🤖 MCP Dataset Onboarding Server
A FastAPI-based MCP (Model-Compatible Protocol) server for automating dataset onboarding using Google Drive as both input source and mock catalog.
🔒 SECURITY FIRST - READ THIS BEFORE SETUP
⚠️ This repository contains template files only. You MUST configure your own credentials before use.
📖 Read SECURITY_SETUP.md for complete security instructions.
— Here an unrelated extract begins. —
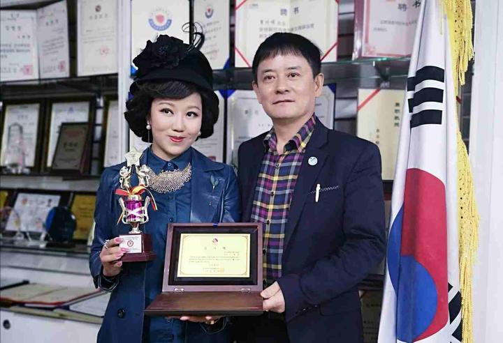 韓國(guó)歌手協(xié)會(huì)中央會(huì)常務(wù)副會(huì)長(zhǎng)曹明權(quán)(右)為當(dāng)天趕到大會(huì)現(xiàn)場(chǎng)獻(xiàn)唱中國(guó)歌曲的鄧麗君歌友會(huì)首席歌手、中國(guó)當(dāng)紅歌星韓小露(左)補(bǔ)發(fā)中韓國(guó)際藝術(shù)交流貢獻(xiàn)大獎(jiǎng)獎(jiǎng)牌。

🚨 Never commit service account keys or real folder IDs to version control!
Features
- Automated Dataset Processing: Complete workflow from raw CSV/Excel files to cataloged datasets
- Google Drive Integration: Uses Google Drive folders as input source and catalog storage
- Metadata Extraction: Automatically extracts column information, data types, and basic statistics
- Data Quality Rules: Suggests DQ rules based on data characteristics
- Contract Generation: Creates Excel contracts with schema and DQ information
- Mock Catalog: Publishes processed artifacts to a catalog folder
- 🤖 Automated Processing: Watches folders and processes files automatically
- 🌐 Multiple Interfaces: FastAPI server, MCP server, CLI tools, and dashboards
Project Structure
├── main.py # FastAPI server and endpoints
├── mcp_server.py # True MCP protocol server for LLM integration
├── utils.py # Google Drive helpers and DQ functions
├── dataset_processor.py # Centralized dataset processing logic
├── auto_processor.py # 🤖 Automated file monitoring
├── start_auto_processor.py # 🚀 Easy startup for auto-processor
├── processor_dashboard.py # 📊 Monitoring dashboard
├── dataset_manager.py # CLI tool for managing datasets
├── local_test.py # Local processing script
├── auto_config.py # ⚙️ Configuration management
├── requirements.txt # Python dependencies
├── Dockerfile # Container configuration
├── .env.template # Environment variables template
├── .gitignore # Security: excludes sensitive files
├── SECURITY_SETUP.md # 🔒 Security configuration guide
├── processed_datasets/ # Organized output folder
│ └── [dataset_name]/ # Individual dataset folders
│ ├── [dataset].csv # Original dataset
│ ├── [dataset]_metadata.json
│ ├── [dataset]_contract.xlsx
│ ├── [dataset]_dq_report.json
│ └── README.md # Dataset summary
└── README.md # This file
🚀 Quick Start
1. Security Setup (REQUIRED)
# 1. Read the security guide
cat SECURITY_SETUP.md
# 2. Set up your Google service account (outside this repo)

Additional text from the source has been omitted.